Everything from the first line of the material to the line containing "It is my 2004", inclusive, must be given again exactly; no pictures, and nothing past that line.

[Opening Collected data section]

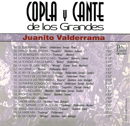 Juanito Valderrama, Juan Valderrama Blanca, más conocido como Juanito Valderrama, (24 de mayo de 1916, Torredelcampo, Jaén – 12 de abril de 2004, Espartinas, Sevilla) fue un cantaor de flamenco español.
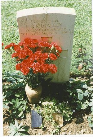 It is my 2004 (60th anniversary) tribute to my dear father. I took his crucifix, prayer book, and studio portrait back to his grave site in the Minturno Commonwealth Military Cemetery between Rome and Naples on the banks of the River Garigliano. The War Graves Commission Register there records his name, age, rank and number, and says that he was the son of Patrick and Mary Anne. It also records that he was the husband of Nora (nee Browne)of Ravenfield, Yorkshire.
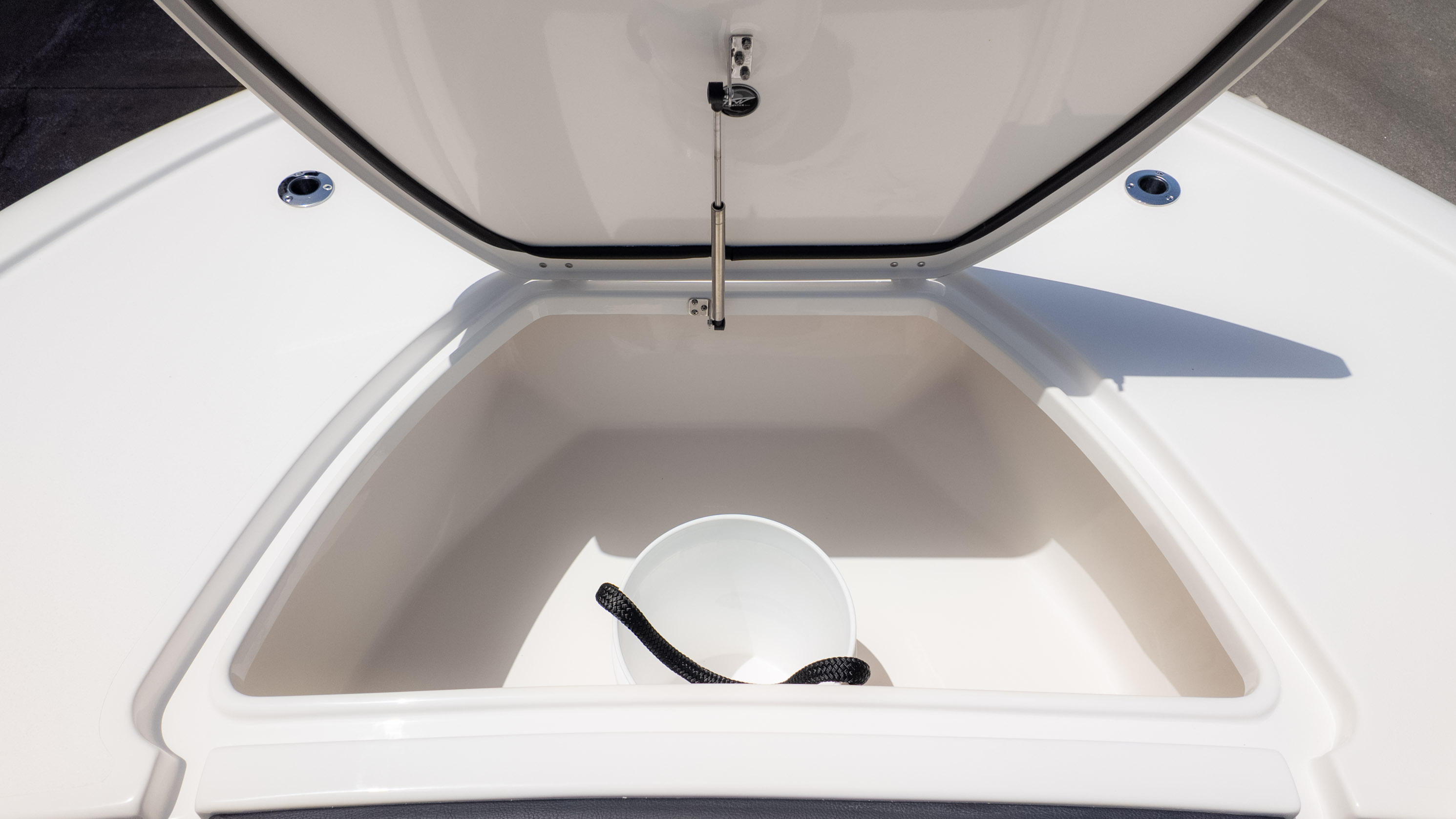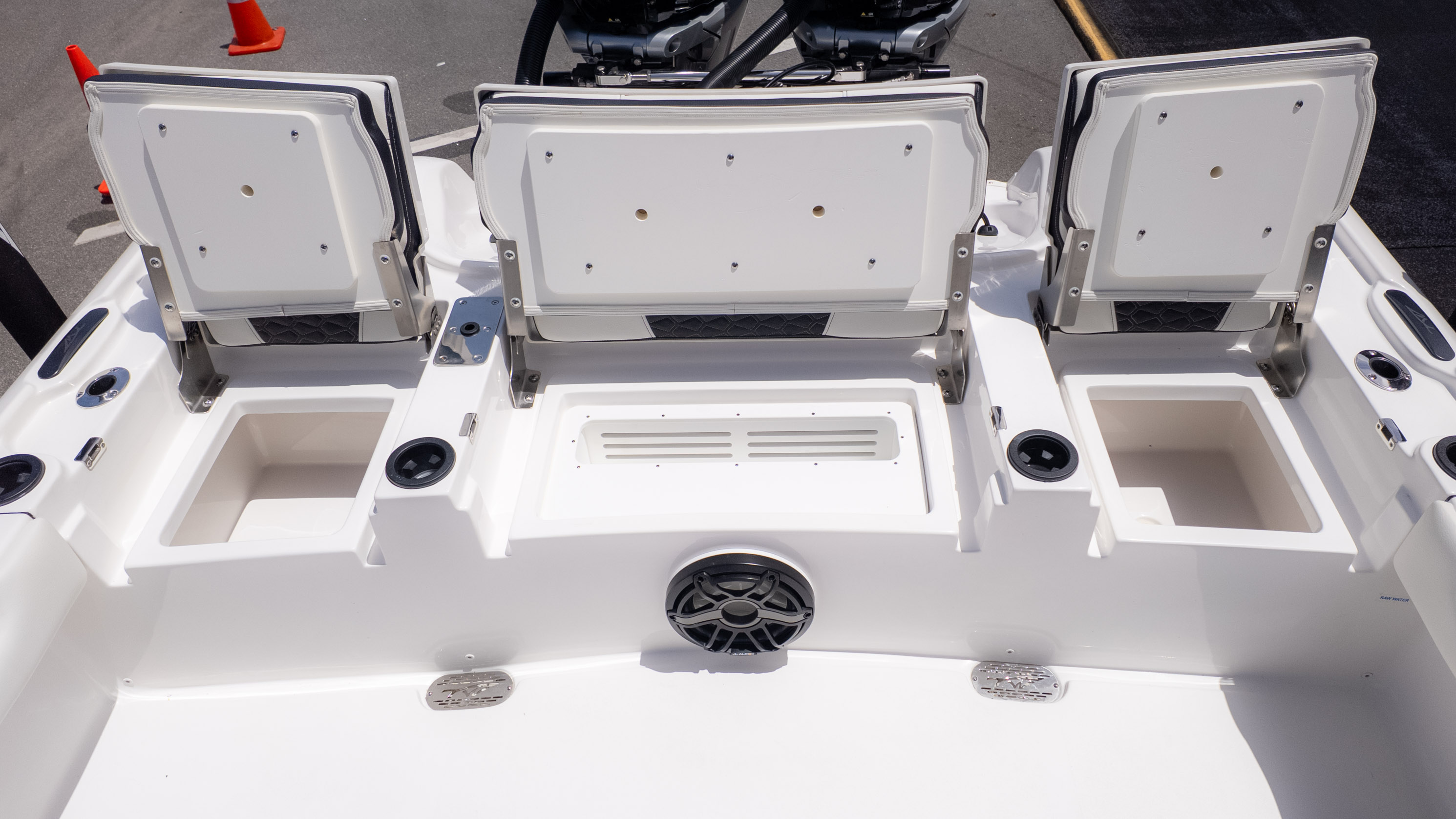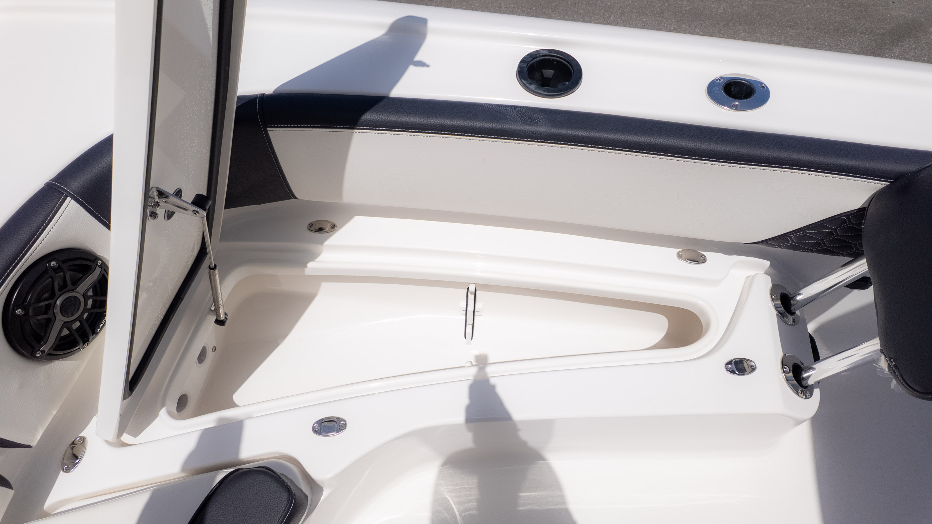 But it's not all about the catch! The 2700 CB also boasts amenities for ultimate comfort and good times. Picture lounging on the recessed bow seating with cushions and backrests or enjoying the stern flip-up bench and jump seats – perfect for socializing with friends and family. The fiberglass T-Top with a glass enclosure and a hardtop in black and white provides excellent shade and style. For the audiophiles, the JL Audio system with multiple speakers and an 8-channel amp promises a premium sound experience. Plus, with a freshwater shower and dual swim platforms with ladders, you can easily cool off and get back on board for more fun in the sun. This boat is truly built for making memories on the water, whether you're reeling in a trophy or simply enjoying the cruise with the power of the Verado.

[Closing Collected data section]

• [Task solution]
 Juanito Valderrama, Juan Valderrama Blanca, más conocido como Juanito Valderrama, (24 de mayo de 1916, Torredelcampo, Jaén – 12 de abril de 2004, Espartinas, Sevilla) fue un cantaor de flamenco español.
 It is my 2004 (60th anniversary) tribute to my dear father. I took his crucifix, prayer book, and studio portrait back to his grave site in the Minturno Commonwealth Military Cemetery between Rome and Naples on the banks of the River Garigliano. The War Graves Commission Register there records his name, age, rank and number, and says that he was the son of Patrick and Mary Anne. It also records that he was the husband of Nora (nee Browne)of Ravenfield, Yorkshire.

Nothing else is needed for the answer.